In short, the Phillips curve is a pretty big deal in modern macroeconomics.
As for the contents of those 67 pages, the vast majority comes in explaining the Phillips curve’s mathematical logic, and scientific equations. For instance, here’s a small sample from the book mentioned above:
“…In normal times, you’d expect prices in the economy to continue to rise at a rate of 5 percent, and you’d raise your prices by this same amount. However, given the weakness in your industry, you’ll probably raise prices by less than 5 percent, in an effort to increase the demand for your goods.This reasoning motivates the price-setting behavior that underlies the Phillips curve. Recall that πt ≡ (Pt+1− Pt) / Pt ; that is, the inflation rate is the percentage change in the overall price level over the coming year. Firms set the amount by which they raise their prices on the basis of their expectations of the economywide inflation rate and the state of demand for their products:
Here, πet denotes expected inflation — the inflation rate that firms think will pre-vail in the rest of the economy over the coming year…”
p. 318–9, “Macroeconomics”, fourth edition. Charles Jones.
It isn’t only used at universities. Central banks throughout the globe rely on the Phillips curve findings to explain the economy and adjust their interest rates.
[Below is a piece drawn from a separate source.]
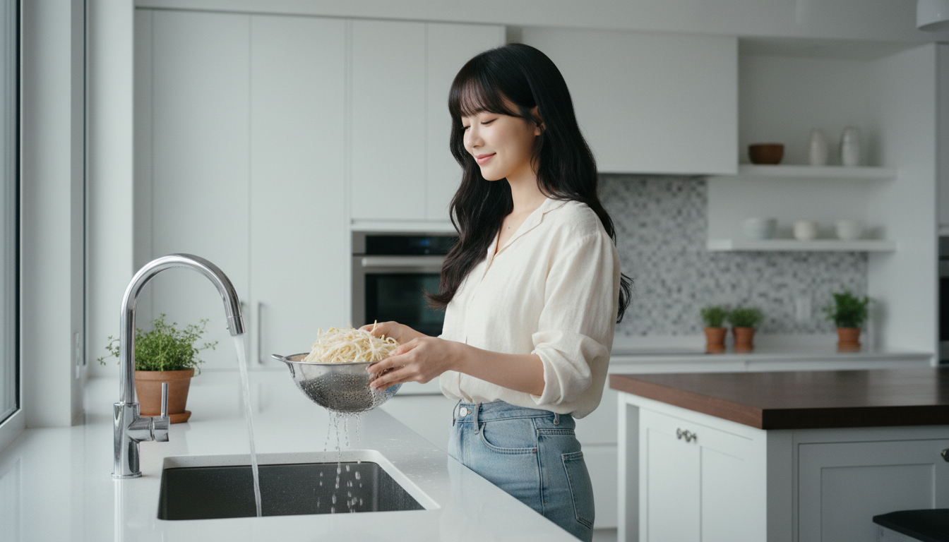 구입한 콩나물은 사용하기 전 흐르는 물에 두세 번 씻어줍니다. 뿌리 쪽을 제거하는 분들도 있는데, 사실 뿌리를 정리하지 않아도 맛에 큰 차이는 없습니다. 시간이 넉넉하다면 다듬어도 좋고, 바쁠 때는 깔끔하게 씻는 것만으로도 충분합니다. 📌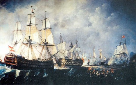 Po úpravách, provedených v roce 1795, může kolosální čtyřveslice nést 140 děl! Posádka má více než 1000 členů. „Vzdejte se!“ volají na své protivníky Španělé, když jejich galeona přirazí k boku britského plavidla.

For example, in February 2025, when the Bank of England (BoE) reduced their interest rate to 4.5%, their explanation explicitly cited Phillips curve reasoning:
“Should there be greater or longer-lasting weakness in demand relative to supply, this could push down on inflationary pressures, warranting a less restrictive path of Bank Rate [BoE interest rate]. If there were to be more constrained supply relative to demand, this could sustain domestic price and wage pressures, consistent with a relatively tighter monetary policy path.”Bank of England’s “Monetary Policy Summary, February 2025”
That might have a bit too much economist jargon for the lay person. How about this quote from the current Chair of the Federal Reserve, Jerome Powell:
[The] persistent shortfall in inflation from our target has led some to question the traditional relationship between inflation and the unemployment rate, also known as the Phillips curve.… My view is that the data continue to show a relationship between the overall state of the labor market and the change in inflation over time. That connection has weakened over the past couple of decades, but it still persists, and I believe it continues to be meaningful for monetary policy.“The Outlook for the U.S. Economy.” April 2018. Jerome Powell, Chair of the Federal Reserve (2018-present).
This article is not about the Phillips curve you will find in macroeconomic textbooks or central bank statements, but rather the Phillips curve they intentionally leave out. The fine print details glueing all that smart physics-like reasoning together. The assumptions, the history, the revisions, and the inconvenient data. In short, the macroeconomists will give you the science of the Phillips curve, I intend to give you the art of the Phillips curve.
A Short History
The Phillips curve was, unsurprisingly, conceived by a chap called Phillips — Alban William Housego Phillips to be precise. While working at the London School of Economics in the 1950s, he studied the relationship between unemployment and inflation in the United Kingdom from 1861 to 1913. What he found was an inverse correlation: as wage inflation increased, unemployment decreased.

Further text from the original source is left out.